Yesterday I patched up LotRO and logged in my Guardian; several minutes-worth of trait updates flashed solemnly across the screen, after which I chose and specified a new Trait Tree for him. I had no intention of playing him, then or probably ever again but I knew he'd change and grow if I logged him in and I knew he'd want that. Or, if you prefer less metaphysics in your gaming, I knew I wanted it for him.
Dreary? I beg to differ. I can think of worse places to spend the afterlife. |
That done, I Iogged out. Although I have a few characters there for whom I retain some affection, LotRO is not one of my favorite MMOs. Unlike for many, the faithful Tolkein setting doesn't engender any particularly strong feelings of recognition or familiarity in me. I like Lord of the Rings well enough but I'm hardly a fan.
I am a fan of Norrath. Very much so. That second reason to keep plugging through the quests, absent in Middle Earth, is very much present in EQ2. A sense of Place. It might seem like laziness or parsimony to base new zones on the architecture of old ones but in my experience it almost always works. The Eidolon Jungle and Obol Plains are versions of The Feerrott and Loping plains respectively. I've spent an inordinate amount of time in both the originals and traveling through these odd, hallucinatory revisions of old, familiar haunts has been fascinating. It's nostalgia and novelty all rolled into one.

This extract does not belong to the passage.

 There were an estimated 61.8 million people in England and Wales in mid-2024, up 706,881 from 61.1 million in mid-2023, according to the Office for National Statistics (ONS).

For your unhappiness, that is. Not for anything I might personally have done to you. Like, say, kill you repeatedly just to get a door open... |
Better yet than familiar landmarks are familiar faces. Even though this is the metempsychotic holding pen of Norrath I was still surprised enough to say it out loud when I realized just who was that woman with the beetle pet standing by a tent on the Dreary Shore. "Whoah! It's Jenni Everling"! I killed her often enough - I should hardly be surprised to find her here among the dead...

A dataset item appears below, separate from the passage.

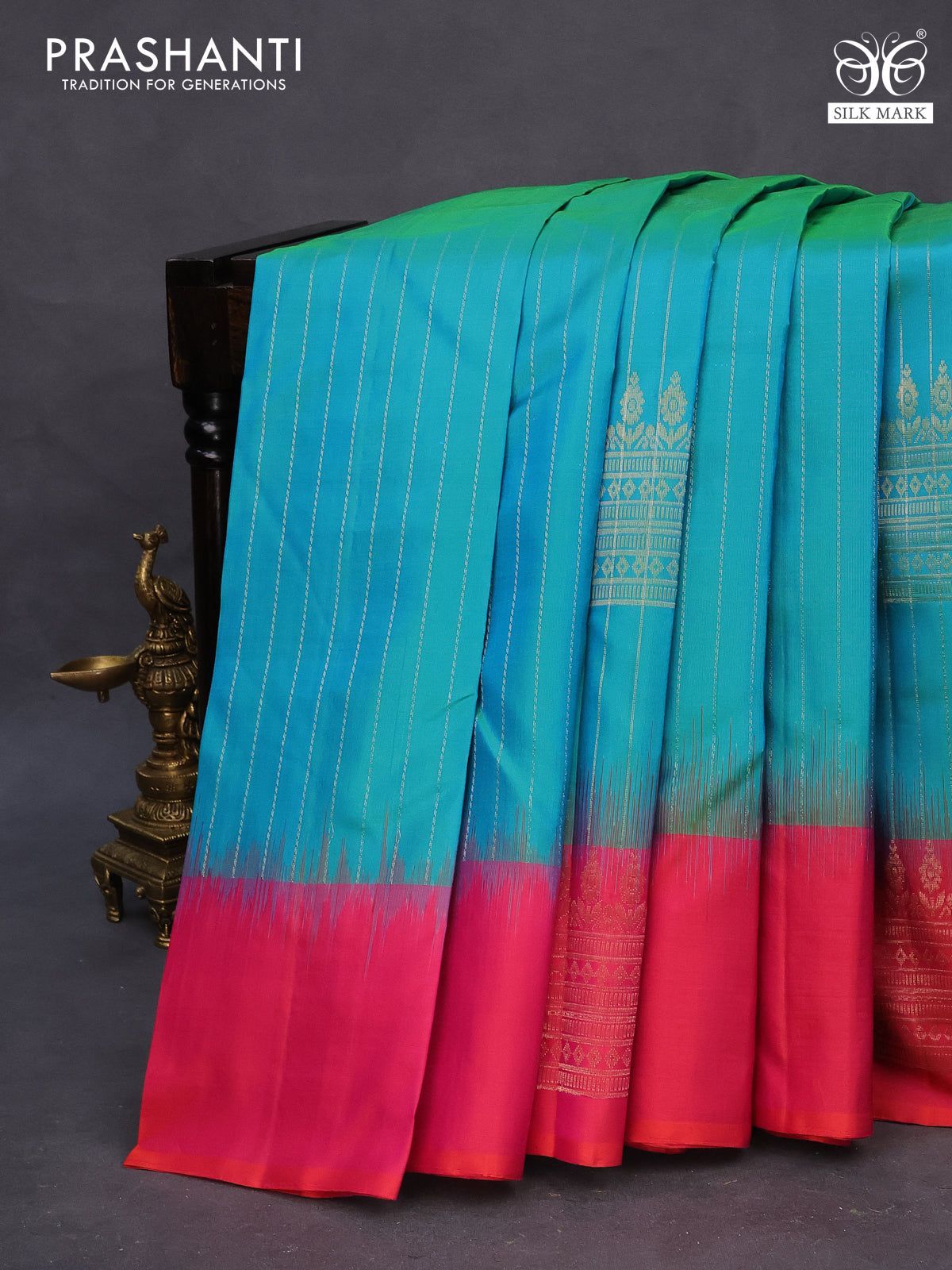 Pure soft silk saree dual shade of teal blue and dual shade of pinkish orange with allover zari weaves and silver zari woven border

If Jenni was a predictable surprise, what to make of Fabian? I don't believe Fabian the Bard even makes a walk-on appearance in EQ2. He must have died centuries before the Shattering. Yet here he is, sitting on a log ruing the broken strings of his lute. As in life, so in the Ethernere.
This is the kind of context you can only acquire through time. No new MMO can ever arrive freshly-minted and thrilling yet hope to score such easy hits simply by mentioning a name and playing a riff on an old quest that should have long been forgotten but somehow still sets a whole line of bells jingling merrily away. This, when we get right down to it, is why talk of a new expansion has people patching up old favorites and why it's so much easier to get excited for EQNext than WildStar.
Nice article =)
ReplyDeleteI find myself OFTEN nostalgic. I still visit my old original EQ boards (linked on my blog still, heh) and there are three or four of us who show up every few months to poke in and say hi. We played on the testserver together. Now that EQ is free, I have it on my PC and I log in randomly and see who is on. some people are still there, after all of these years. We chat, I log off. I don't actually *play* (I am so lost in the changes..) but nice to go in and see the gear I found and remember the connections made (and be amazed some of those connections still exist.)

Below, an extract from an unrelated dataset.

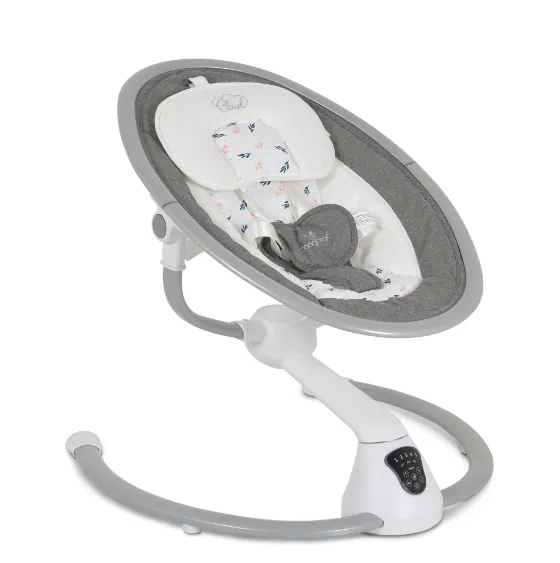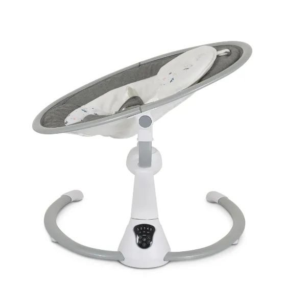 Funcții: 5 viteze de leagăn; timer pentru oprire automată cu 3 opțiuni; cutie muzicală cu 12 melodii și 5 sunete naturale cu opțiune de reglare a volumului; funcție de "șezlong"; rotație a scaunului; detector de mișcare pentru copil

I enjoy this a bit smaller in WoW, where I also spent years but I haven't made connections quite the same in other MMO's - I didn't play long enough, or with the right people. So when new ones come out, I buy them, try them, and typically don't go back - the list is huge.
I always go back to EQ. and WoW with new expansions.
In my business, we learned that the best way to keep customers is to connect with both their HEADS and HEARTS. Seems modern day MMO's are good at the former.
I'm still playing EQ on and off. I've played on so many servers and still have characters on half a dozen but I rarely see any familiar names nowadays. Plenty of people still playing, though. Mostly I just potter around, solo a little. The time commitment to do anything significant would be prohibitive. If all the other MMOs vanished tomorrow, though, I could happily go back full-time.